Task input

%%

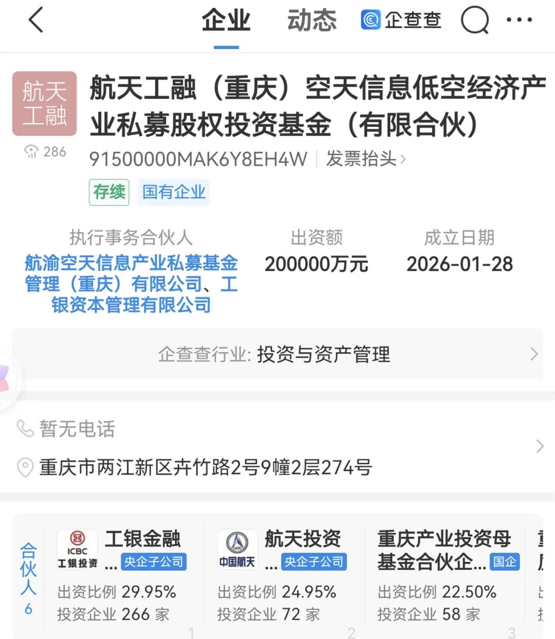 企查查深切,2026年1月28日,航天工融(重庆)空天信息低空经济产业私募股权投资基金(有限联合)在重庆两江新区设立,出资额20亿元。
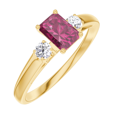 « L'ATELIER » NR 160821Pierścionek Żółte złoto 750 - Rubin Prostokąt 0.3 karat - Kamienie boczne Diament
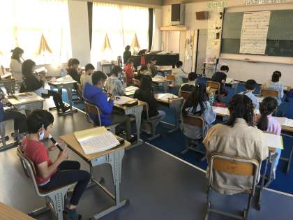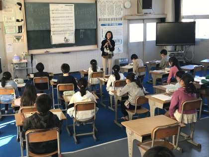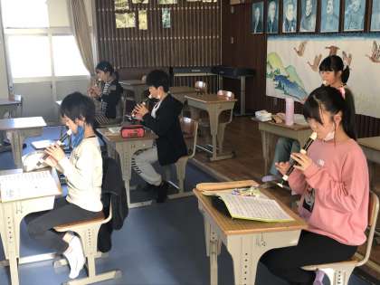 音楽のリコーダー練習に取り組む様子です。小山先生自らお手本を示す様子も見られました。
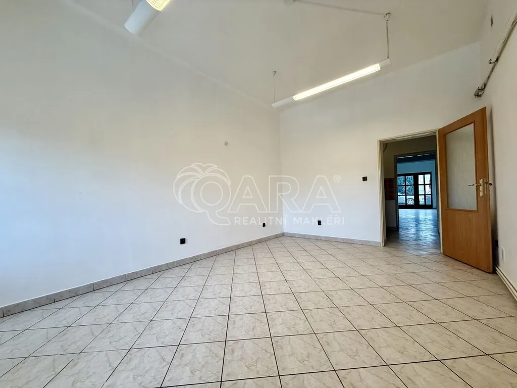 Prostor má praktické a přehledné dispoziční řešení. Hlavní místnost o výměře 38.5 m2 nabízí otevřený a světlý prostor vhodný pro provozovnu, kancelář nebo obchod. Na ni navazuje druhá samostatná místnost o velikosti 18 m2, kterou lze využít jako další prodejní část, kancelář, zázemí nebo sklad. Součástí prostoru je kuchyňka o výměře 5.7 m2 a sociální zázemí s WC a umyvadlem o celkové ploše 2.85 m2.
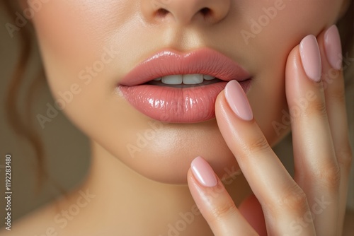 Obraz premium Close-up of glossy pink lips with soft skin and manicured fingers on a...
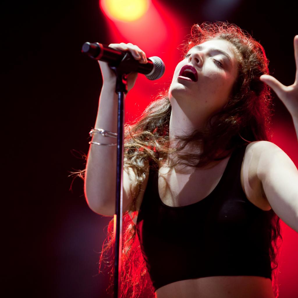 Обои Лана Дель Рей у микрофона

%%

Work instructions
Each line from the start of the entries to the line holding "音楽のリコーダー練習に取り組" is to be given again exactly, both ends included, and each picture is to be left out.

Result for this exercise
 企查查深切,2026年1月28日,航天工融(重庆)空天信息低空经济产业私募股权投资基金(有限联合)在重庆两江新区设立,出资额20亿元。
 « L'ATELIER » NR 160821Pierścionek Żółte złoto 750 - Rubin Prostokąt 0.3 karat - Kamienie boczne Diament
 音楽のリコーダー練習に取り組む様子です。小山先生自らお手本を示す様子も見られました。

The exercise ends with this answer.